Task to complete: All lines from the opening of the material up to and including the line with "Only one tip" should be transcribed exactly, pictures excepted.

Extracted data:
------

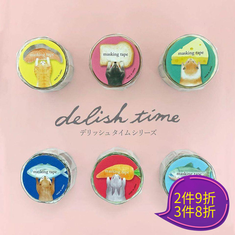 日本mind wave美味时间delish time造型纸胶带异型模切贪吃动物小猫小狗仓鼠兔子白熊水獭手帐相册装饰18mm
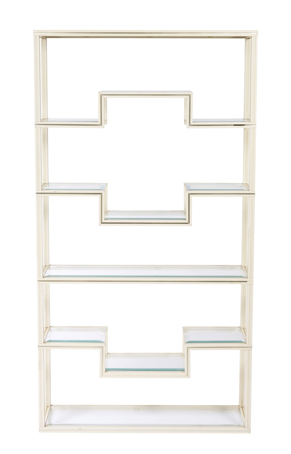 Cream painted metal and gilt frame with bevelled glass shelves
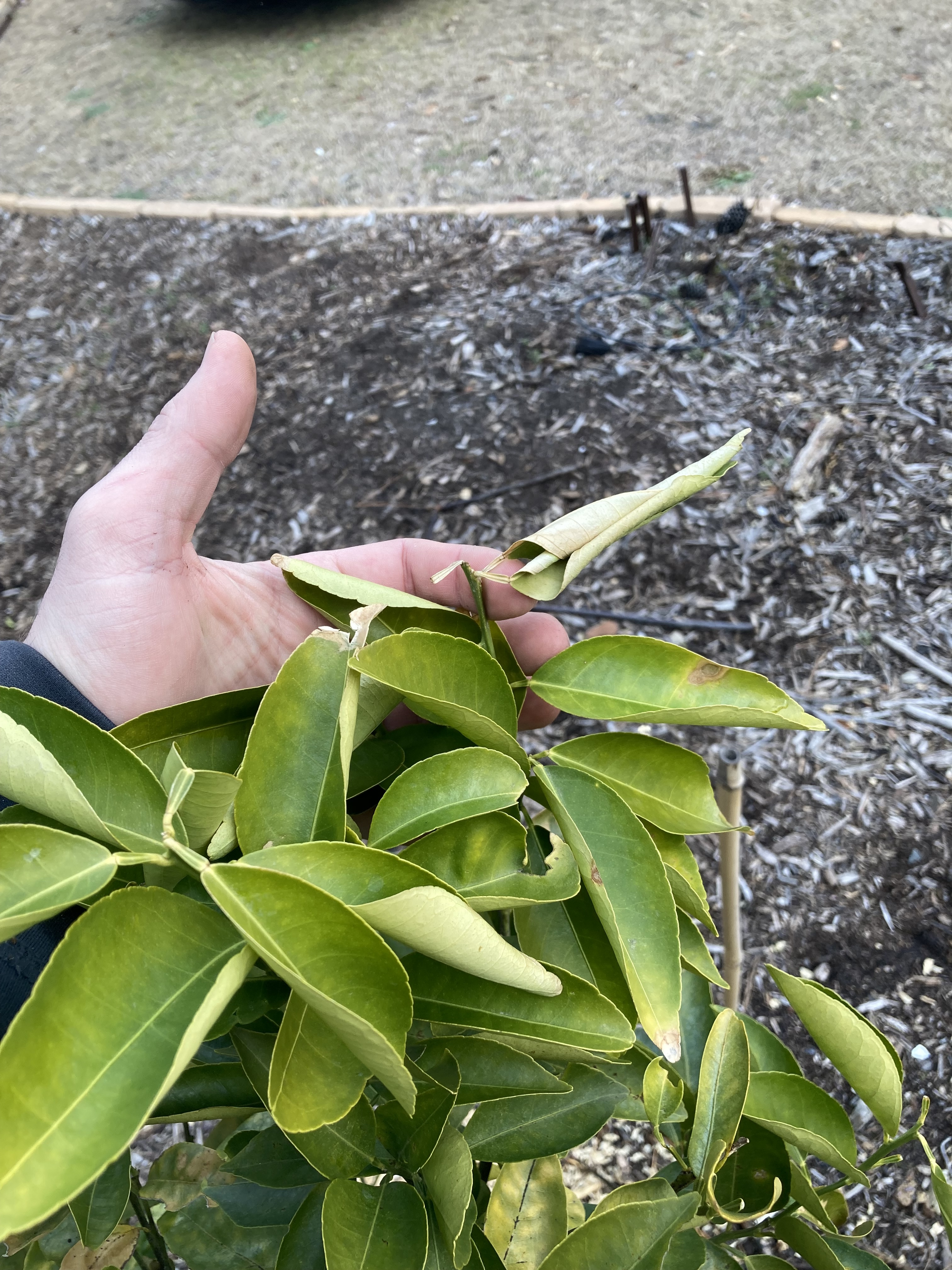 Only one tip damaged in total of my 17 in ground citrus, kinda shocked my Kishu and Clementine completely unprotected didnât get damaged as only a few months old grafts.
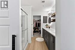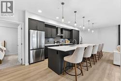 An EXCEPTIONAL OPPORTUNITY to own a LIKE-NEW, HIGH END, LUXURY condo for less than the cost of comparable new construction. Welcome to Seton Serenity by award-winning Cedarglen Living, where this beautifully upgraded 2 bedroom, 2 bathroom residence offers over $23,000 in thoughtful upgrades and a refined, move-in-ready lifestyle. The open-concept layout features 9' ceilings, luxury vinyl plank flooring in the main living space, triple-glazed Low-E windows, sound-reducing membrane between floors, and a striking electric fireplace anchoring the living space. The kitchen is a true highlight with an island extension, built-in pantry, upgraded appliances, quartz countertops, upgraded sink, full-height tile backsplash, soft-close cabinetry, cabinet valance lighting, and sleek roller blinds throughout. The spacious primary bedroom includes a walk-in closet and a luxurious ensuite with raised vanities, upgraded toilets, full-height tile, and an elegant LED mirror, while the well-positioned second bedroom offers added privacy near the second full bathroom. Additional features include stacked washer and dryer adding more in-suite storage, stylish barn door detail, extra fob, clear glass balcony railing, BBQ gas line, energy recovery ventilator (ERV), and titled secured underground parking. A rare and valuable bonus: approved short-term rental businesses are permitted under current bylaws, making this an excellent opportunity for homeowners and investors seeking a luxury rental near South Health Campus, one of Calgary's largest employment hubs. Enjoy unbeatable walkability to the world's largest YMCA, South Health Campus, shops, restaurants, cafés, and Seton HOA amenities. Pet and rental friendly, this extensively upgraded condo delivers the luxury of new construction without the wait, uncertainty, or added cost. (id:27)
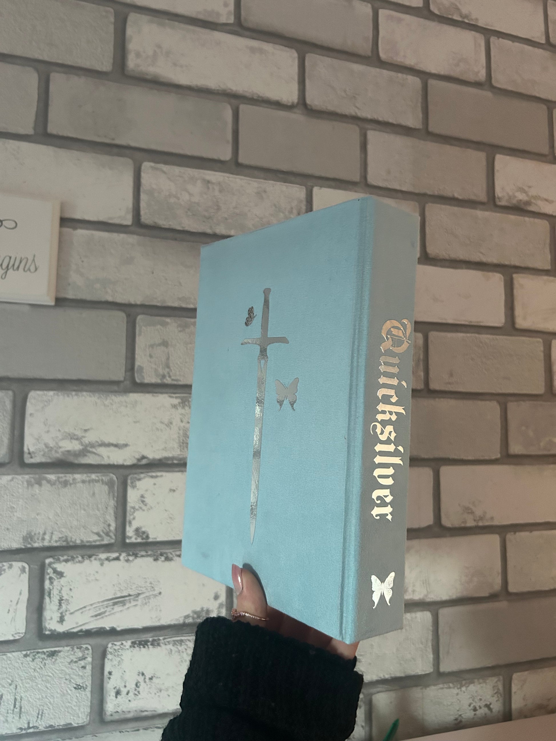 Handcrafted Clothbound Quicksilver Rebind featuring artwork by the insanely talented @gdeliarte (https://www.instagram.com/gdeliarte?igsh=MXF0M3JxbGp3b25rMQ==)
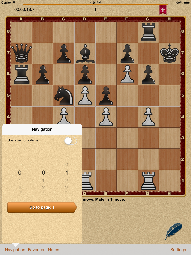 Great app.i am waiting for mate in 2,mate in 3.chess combinations 3 to 5 movers.Keep up the good work.
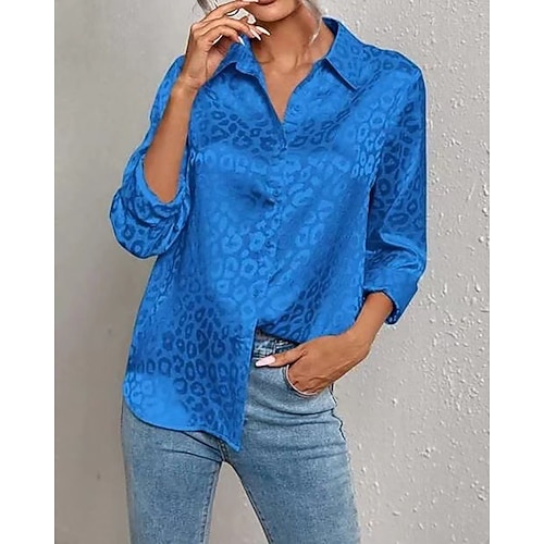 Per donna Top estivi Tinta unica Quotidiano Moderno Manica Lunga Scollo a V Top Regolari Quotidiano Ferie Bottoni Tasca Rosa Blu Reale Viola Fucsia Albicocca Estate
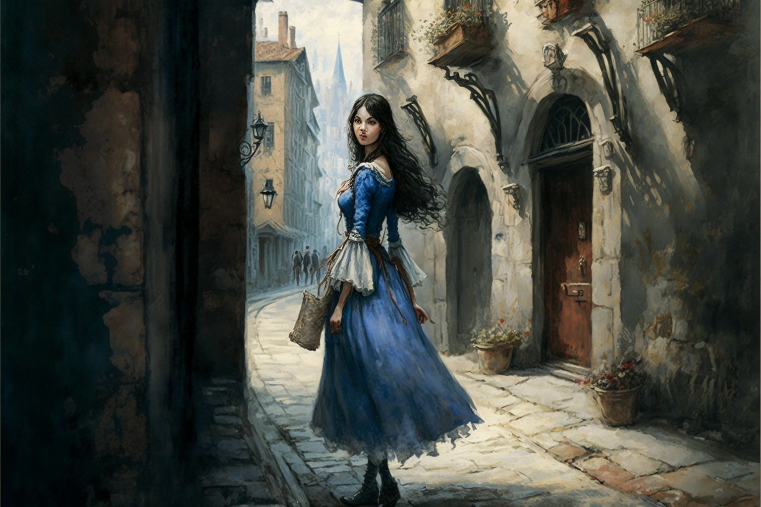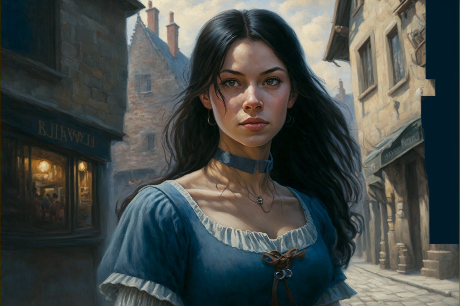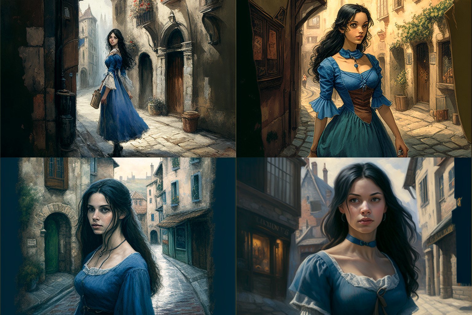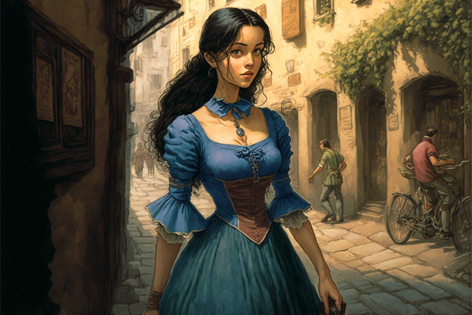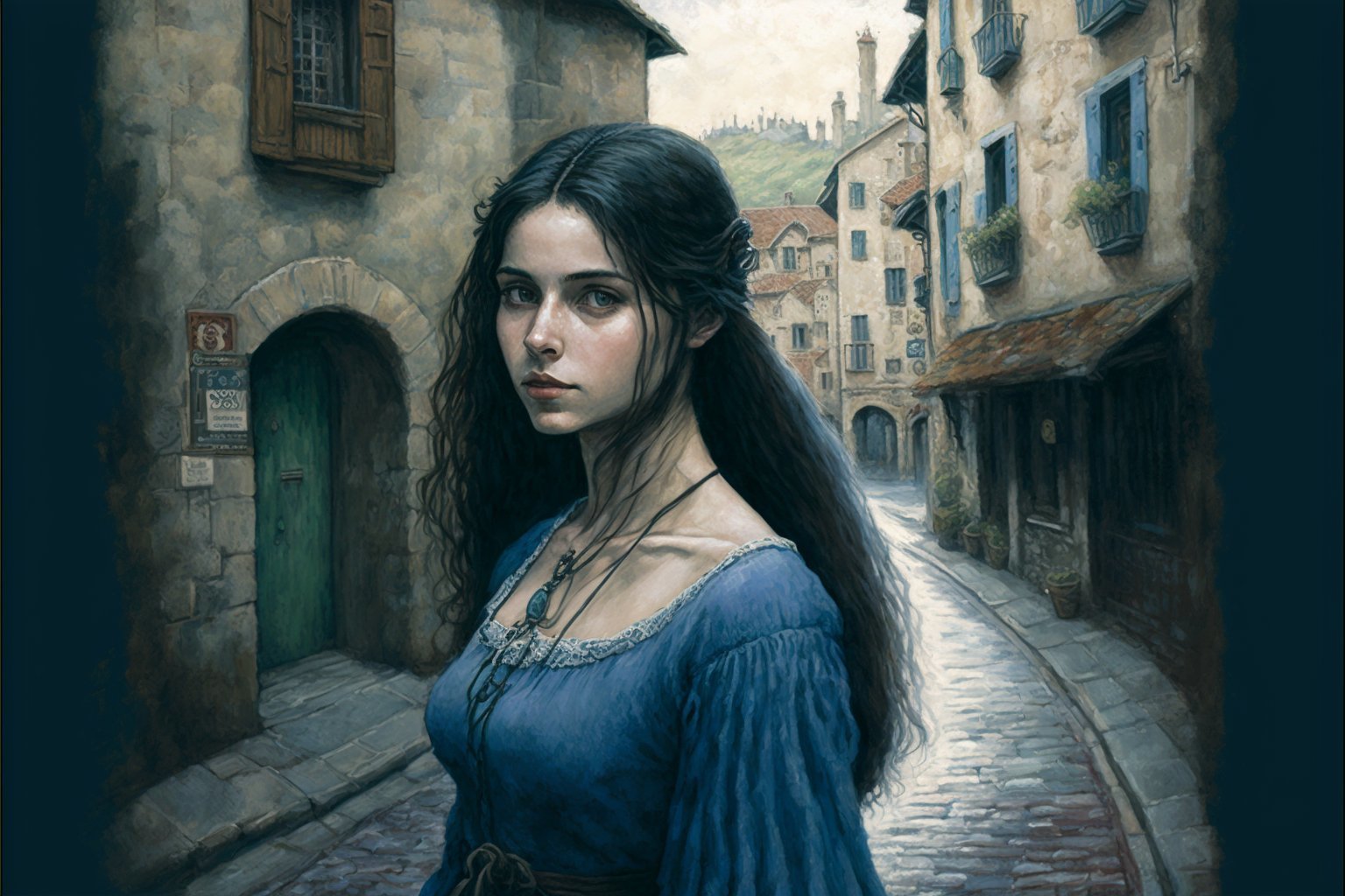 An evocative, atmospheric portrait of a young black-haired, blue-eyed woman in a short blue dress, walking in the streets of a medieval village. The subject exudes a sense of grace and confidence as she strides through the cobblestone streets, surrounded by the charming architecture and quaint shops of the village. The artist has captured the essence of the medieval era, with the subject's dress and hairstyle evoking the fashion of the time, and the village's architecture and atmosphere providing a rich and immersive background. The attention to detail is striking, from the texture of the subject's curly hair to the intricate patterns on her dress. The overall effect is one of nostalgia and romance, evoking a bygone era and the enchanting atmosphere of a medieval village.

------

Result of the exercise:
 日本mind wave美味时间delish time造型纸胶带异型模切贪吃动物小猫小狗仓鼠兔子白熊水獭手帐相册装饰18mm
 Cream painted metal and gilt frame with bevelled glass shelves
 Only one tip damaged in total of my 17 in ground citrus, kinda shocked my Kishu and Clementine completely unprotected didnât get damaged as only a few months old grafts.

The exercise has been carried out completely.